In Category Theory, a Functor is a morphism between categories, that is, it maps each object in category A to another object in B, as well as mapping each morphism C -> D onto the respective objects in B, while preserving composition of morphisms. So one could say a functor is composed of two "parts", one that maps Objects to Objects, and one that maps Morphisms to Morphisms. In Haskell if I understood it properly, each Type in The Functor typeclass can be "mapped onto", that is a function of Type a -> b can be mapped onto a function F a -> F b. Now why doesn't there exist a return :: Functor f => a -> f a function, specifically for Functor? Is there no need, since we can simply utilize the definition of return in the Monad instance, since return is really only working on the functor part of a Monad, or is there another reason?

It striked me as strange, because if that were the way, why would't return be included in the Functor instance? I mean every monad has a functor part, so to me, that would make sense. Can anyone enlighten me in that matter?

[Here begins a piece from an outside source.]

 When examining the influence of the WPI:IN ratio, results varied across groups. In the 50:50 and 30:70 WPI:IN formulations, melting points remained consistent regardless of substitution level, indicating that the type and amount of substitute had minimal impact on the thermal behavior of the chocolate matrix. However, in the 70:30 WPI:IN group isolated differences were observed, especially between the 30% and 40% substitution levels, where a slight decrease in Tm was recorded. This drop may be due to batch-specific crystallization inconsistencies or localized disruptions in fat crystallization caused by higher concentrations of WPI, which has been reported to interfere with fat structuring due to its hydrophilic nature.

CodePudding user response：

That's a common misconception and one that used to trip me up. You're right that a functor has two parts: one that maps objects to objects and one that maps functions to functions (more generally, arrows to arrows, but that's not really germane here). Now, when I have

instance Functor F where
    fmap f x = ...

You've already correctly surmised that fmap takes functions to functions. However, we already have a way to take objects to objects. Categorically, our objects are not values, they're types. So the "objects to objects" part is something that should map a type to another type. And that thing is called F. The name of our functor literally is the mapping from objects to objects. Given a type a, the type F a is some other type lifted by our functor.

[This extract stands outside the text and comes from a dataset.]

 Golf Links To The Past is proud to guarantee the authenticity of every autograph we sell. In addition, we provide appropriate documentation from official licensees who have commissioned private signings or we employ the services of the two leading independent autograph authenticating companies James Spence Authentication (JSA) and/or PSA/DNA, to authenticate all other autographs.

Now that raises the fair question: What is return? It takes an a and produces an F a (for a monad F). More specifically, given a fixed monad F, the signature is

return :: forall a. a -> F a

Now carefully read that. That says "given any type a, I can come up with a function from a to F a". That is, it takes an object in our category (a type) and maps it into an arrow in our category (a function). A mapping from an object to an arrow is called a natural transformation, and that's exactly what return is.

Categorically speaking, a monad is a functor (the underlying type F together with fmap), together with two natural transformations:

• return, which is a natural transformation 1 -> F (where 1 is the identity functor), and
• join, which is a natural transformation F^2 -> F (where F^2 is F composed with itself)

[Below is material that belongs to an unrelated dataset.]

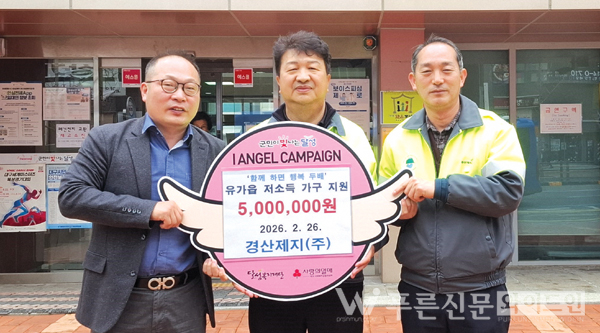 경산제지(주)(대표 김문성)는 지난달 26일(목) 유가읍 행정복지센터에 취약계층 지원을 위한 성금 500만 원을 기탁했다. 경산제지는 앞서 현풍읍에도 500만 원을 전달했다.

That is, for any type a, return has type a -> F a and join has type F (F a) -> F a^[1].

What would a typeclass with return and fmap look like? I'm not sure. I don't know of a Haskell library that implements that typeclass, and I'm not entirely sure what the laws would look like. A good guess might be fmap f . return === return . f, but we actually get that as a free theorem, so that's not our law. If you or someone else knows of this typeclass somewhere in the Hackage ecosystem, feel free to let me know.

^[1] Haskell uses an equivalent definition of "monad" in terms of the bind operator (>>=) rather than join. They're equivalent mathematically, and I opted for the simpler definition here.